In this way you can selectively block parts of code which track your navigation or collect informations (for example events from google or facebook and so on).
https everywhere
Many sites on the web offer some limited support for encryption over HTTPS, but make it difficult to use. For instance, they may default to unencrypted HTTP, or fill encrypted pages with links that go back to the unencrypted site.
The HTTPS Everywhere extension fixes these problems by rewriting all requests to these sites to HTTPS.
from plugin author
Unfortunately, many sites still include a lot of content from third party domains that is not available over https.
Configure https everywhere so that for default only https requests are allowed. In this way no unencrypted connection will be permitted. This dramatically increase security and privacy of your navigation, while checking all the connection established by your browser.
Decentraleyes
Websites have increasingly begun to rely much more on large third-parties for content delivery. Cancelling requests for ads or trackers is usually without issue, however blocking actual content, not unexpectedly, breaks pages. The aim of this add-on is to cut out the middleman by providing lightning speed delivery of local (bundled) files to improve online privacy.
• Protects privacy by evading large delivery networks that claim to offer free services.
description from the author
• Complements regular blockers such as uBlock Origin (recommended), Adblock Plus, et al.
• Works directly out of the box; absolutely no prior configuration required.
Cookies autodelete
With this plugin is possible to control the cookies placed by websites. It is possible to set autodelete of cookies and whitelists particular websites. Cookies are often used for tracking metadata, so this plugin greatly helps in enhancing browsing privacy
Creating different profiles in firefox
The most wise idea is to divide your privacy settings in different profiles using firefox.
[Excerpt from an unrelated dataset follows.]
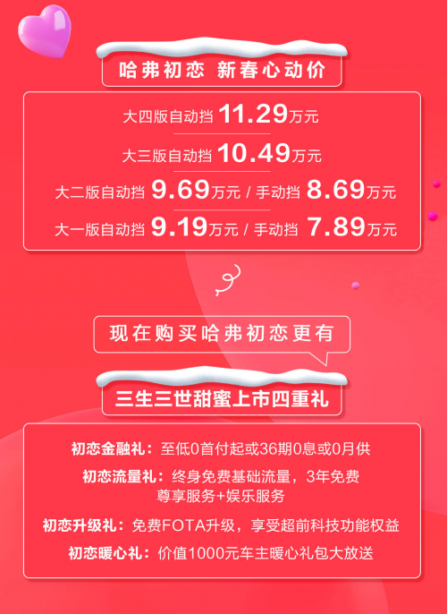 总之,售价7.89—11.29万元的哈弗初恋,在上述“首搭”、“首发”以及“更低”的多方面,体现是其背后的产品策略——就是要让年轻人花11万元左右就能买20万+级的豪华体验,就是要成为“年轻人第一台好车”的首选!而且,现在购车还可享受官方提供的四重大礼包,价格将进一步下探。

You should have at least 2 level of privacy:
- the first can be defined as soft, and should be used for social media for example.
- the second can be defined as hard and should be used for webmail usage, internet banking, bitcoin exchangers and services, etc.
With the first one you can be more permissive on plugin setting for example you can configure ublock and other plugins on per-domain basis, allowing javascript and http. On the second, instead, you should be very strict, allowing connections and scripts only from the domain of the website. In addition you should always clear all cookies at the end of the session.
In order to create a different profile, you can create a new empty one. To accomplish this you can access typing the following command into a free tab of firefox:
about:profiles
you can also copy the configuration by copying all files into the “root” directory of the profile. In such a way you can reproduce (by duplication) the existing profile before going to customize it.
The use of different profiles is important because makes possible to achieve the following results:
- isolate one profile from another. You can have a profile for social interaction and you can keep it separate from the one you use for work (as an example);
- you can configure a profile to be stronger and another to be less strict depending on informations you are going to view and use on each of them;
VPN
Another tool you can use is a vpn. A vpn is a virtual private network which makes possible to hide your navigation contents to your internet service provider. Infact the software makes an encrypted connection to the vpn server and then all the navigation packets go out from that connection and fully encrypted.
This is very useful because your provider cannot know where you are navigating and cannot collect informations about your sessions. However it is very important to choose correctly your vpn provider in order to avoid to be spied by this one. Infact many vpn provider are not serious and can log and sell connections log. Such providers are absolutely to be avoided.